Many of these communities have never had high-speed Internet access due to the cost-constraints of deploying fiber to rocky, rural areas. Locals are thrilled to be receiving fiber broadband at next-generation speeds at prices considerably lower than what’s seen in many more urban markets.

"Money,” Rally Networks Operation manager Bruce Grubb told one local outlet when asked why it took so long. “It's the same reason we don't have a Walmart here in Cleveland County. It's $75,000 a mile now to put this fiber in the ground. That's your engineering cost and then you've got to have permits, easements, right-of-ways. It's a lot that goes into it.”

Arkansas is still expected to receive $1 billion in additional broadband grant money courtesy of the Broadband Equity Access and Deployment program, made possible by the 2021 infrastructure bill, which both Republican state Senators, like ARPA, also voted against.

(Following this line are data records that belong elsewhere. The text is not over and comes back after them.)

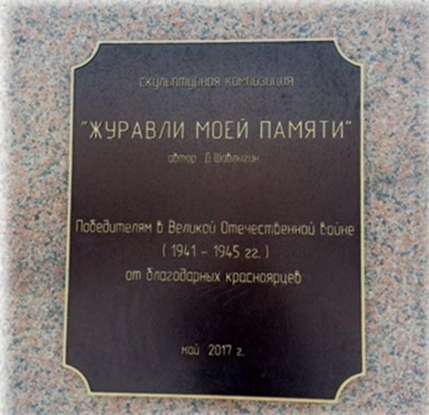
Скульптурная композиция «Журавли моей памяти». 4 мая 2017 года
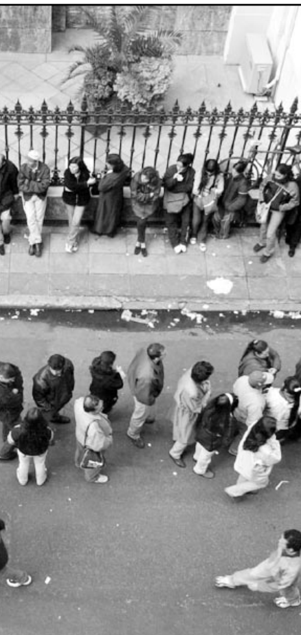
طابور من الارجنتينيين الذين ينتظرون دورهم امام احد البنوك في العاصمة بوينس آيرس لشراء دولارات وسط مخاوف من استمرار تصاعد التضخم وتآكل القدرة الشرائية للعملة الوطنية

■ واشنطن-رويترز: افادت دراسة امريكية ان اليورو الذي تجاهله المستثمرون لدى طرحه قد يصبح بمرور الوقت العملة الرئيسية منخبا الدولار
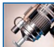
Встроенный держатель для шланговой насадки - надежное сохранение шланга и шланговой насадки
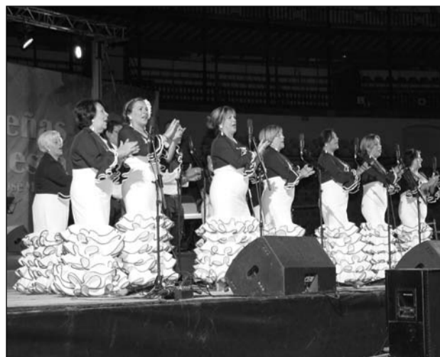
Coro Hermandad de la Alegría.
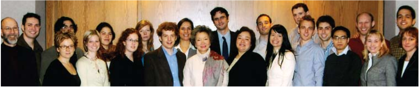
La très honorable Adrienne Clarkson (au centre), alors gouverneure générale, a fait part aux boursiers 2004 de sa vaste expérience en tant que leader canadienne, lors d'une table ronde qui a eu lieu pendant la réunion de travail d'Ottawa.

« La remarquable diversité des boursiers m'est apparue plus clairement lors de nos séances de travail en groupe. Dans mon équipe de cinq membres figuraient un ancien employé du Bureau du Conseil privé, un commandant des Forces armées canadiennes, un leader autochtone, le directeur d'un groupe de réflexion sur l'environnement et un défenseur des droits des enfants. »

According to the Arkansas State Broadband Office, 814 applications for BEAD grants were submitted during the first wave of funding, with 96 percent of those bids classified as competitive.

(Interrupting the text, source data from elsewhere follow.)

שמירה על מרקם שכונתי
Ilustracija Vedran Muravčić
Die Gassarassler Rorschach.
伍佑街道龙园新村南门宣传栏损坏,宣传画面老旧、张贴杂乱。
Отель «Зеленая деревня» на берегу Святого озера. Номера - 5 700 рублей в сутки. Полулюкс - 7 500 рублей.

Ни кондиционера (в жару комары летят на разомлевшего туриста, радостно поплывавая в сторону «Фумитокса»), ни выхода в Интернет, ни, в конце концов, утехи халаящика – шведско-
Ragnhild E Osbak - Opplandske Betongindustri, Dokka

A total of 48 different providers participated in the grant bidding process, including 29 in-state providers and 19 out-of-state ISPs.

“This hyper-transparent approach led to Arkansas having one of the most robust opening BEAD rounds in the nation,” Arkansas State Broadband Office Director Glen Howie recently told Broadband Breakfast. “We will continue to maintain very close contact with the ISP community over the next couple of weeks prior to the launch of Tranche-2, providing answers to questions and offering continuous technical assistance.”

A second round of bidding for Arkansas’ slice of BEAD funding was slated to have begun on February 13. At which point Arkansas leaders can get to work hopefully filling in deployments that ARPA has yet to reach.

This article was published by the Community Broadband Networks Initiative of the Institute for Local Self Reliance on CommunityNets March 6, 2025, and is reprinted with permission.